La sera prima della partenza di Anneke, stringendola forte, convinto come poche volte nella vita, le dissi:
«Ti amo. Staremo sempre insieme».
I suoi occhi si colorarono di mille tramonti. Ed io mi sentii così diverso, così lontano dal vecchio me stesso. Amilcare, persino lui, sembrava avermi lasciato in pace.
«Torneró presto. Estate ancora lunga».

La vita riprese senza di lei. Ci sentivamo quasi ogni notte. Io fui fedele nonostante le proposte esplicite delle turiste.
Un mese dopo Anneke mi disse al telefono che aveva comprato il biglietto per tornare. Credetti di essere felice, o almeno così le dissi. Barbie intanto era lì. Che mi osservava. Che mi aspettava…

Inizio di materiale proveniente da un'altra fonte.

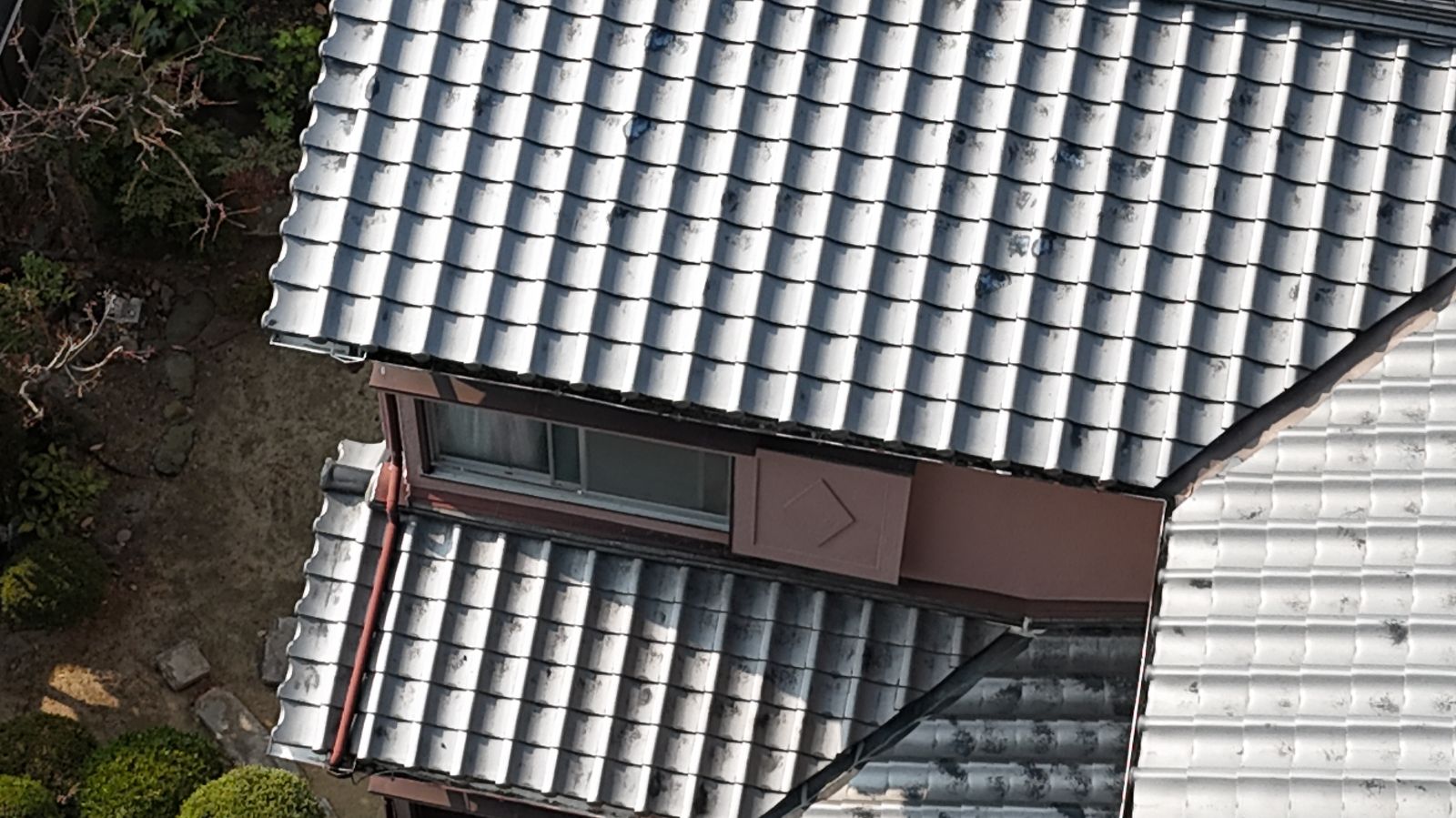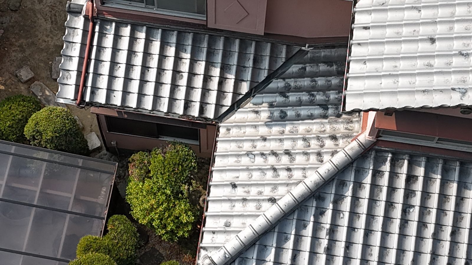 現地に到着し、まずは外観と屋根形状をドローンにて全体撮影。瓦のズレ、表面の色褪せ、苔の付着、雨樋の変形などを確認しました。特に谷部分の瓦に大きな隙間が見られ、強風時に雨水が逆流する恐れがありました。ドローンでの空撮は屋根の形状が複雑なこのようなケースでも、的確に劣化箇所を把握できるため、大変有効です。
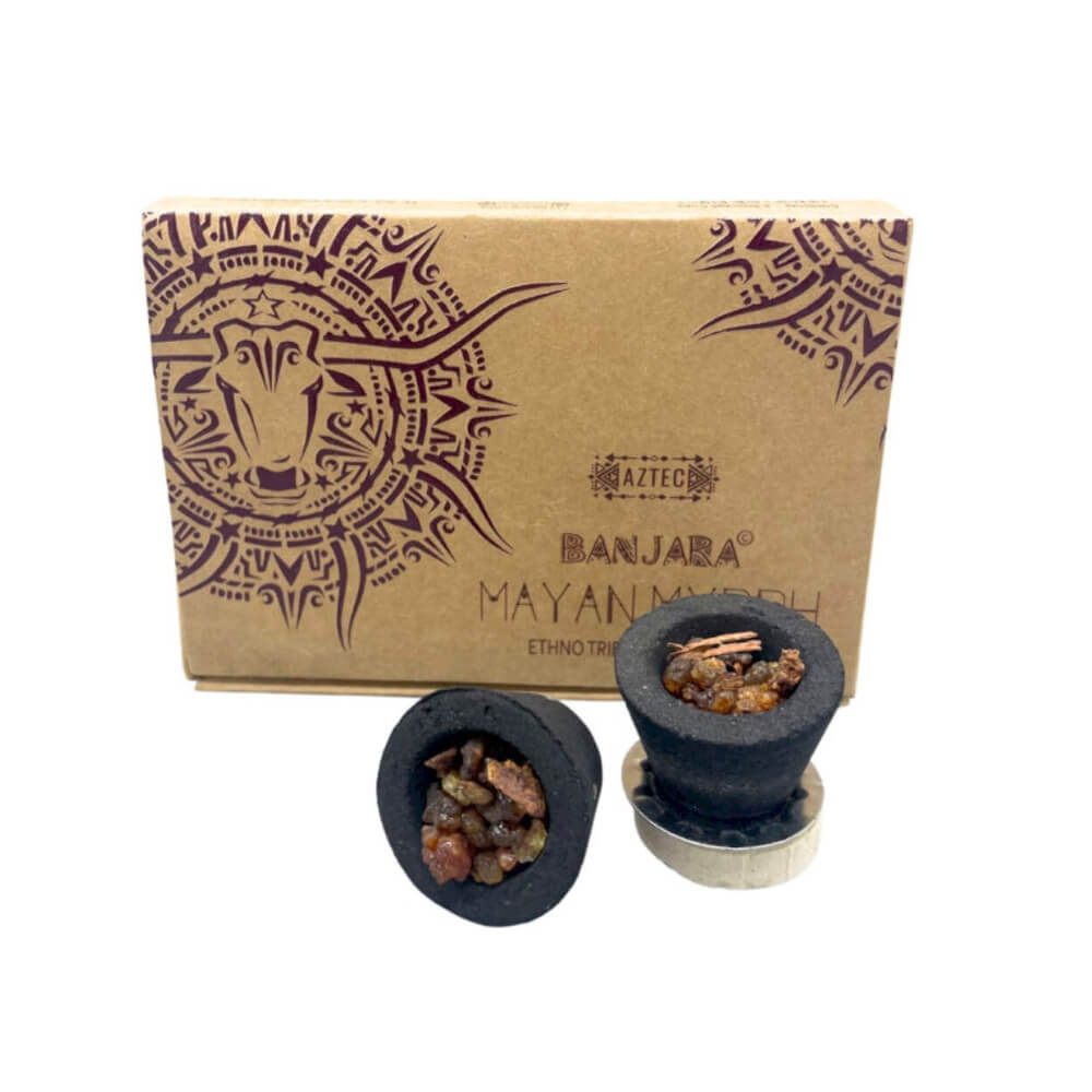 Incenso in resina Banjara "Mayan Myrrh" contenuto in coppini (già pronti per essere utilizzati), una fragranza sacra e meditativa che racchiude il potere antico della mirra, simbolo di guarigione, introspezione e purificazione spirituale.

«Lo sai che non durerà. Tu non sei tipo da farla durare».
«Forse un tempo, ma lei è diversa, lei puó…».
«Farti cambiare? Ma perché dovresti cambiare? Contrastare la tua natura… Credimi, quando si è come te, con una come lei non può durare».
Non le chiesi neanche cosa intendesse per “quando si è come te”, perché mentre parlava, anzi sussurrava, si sfiorava il seno perfetto e oscurava il bel viso con il più sporco dei suoi sguardi da mantide. Sì, fu un pugno nello stomaco, ma lo capii bene che aveva ragione.
Riapparve Amilcare a fare spallucce.
E nella notte, mentre Anneke viaggiava verso la Sardegna, solo per me, io e Barbie ci unimmo nella più inebriante delle notti colpevoli. Avevo deciso di rovinare tutto, proprio all’ultimo momento. Non ne capivo la ragione, né mi interessava indagarla, ma in qualche modo, forse, c’entrava la paura di veder la vita prendere il verso giusto.

Anneke arrivò. La osservavo da lontano mentre mi cercava all’ingresso del campeggio. E capì tutto appena mi vide. Perché io avevo voluto così. Nessuna spiegazione. Codardo fino in fondo.
Il suo sguardo si svuotò, sì, si svuotò di mille crepuscoli.

Di lì a breve seppi che Barbie era incinta di Martina. Ma questa è un’altra storia.
Cloe, ora capisci perché non ti risponderò: se staremo sempre insieme? Non lo so, quello che posso dirti è che non mi fido, non mi sono mai fidato di me stesso, per ovvie ragioni, e ho una fottuta strizza di trasformare anche i tuoi tramonti in mille crepuscoli.
«Ti amo. Staremo sempre insieme» .
Io le avevo detto così.
Per questo… se staremo sempre insieme, ecco, lo saprai l’ultimo giorno della mia vita, che di sopravviverti non ho alcuna aspirazione.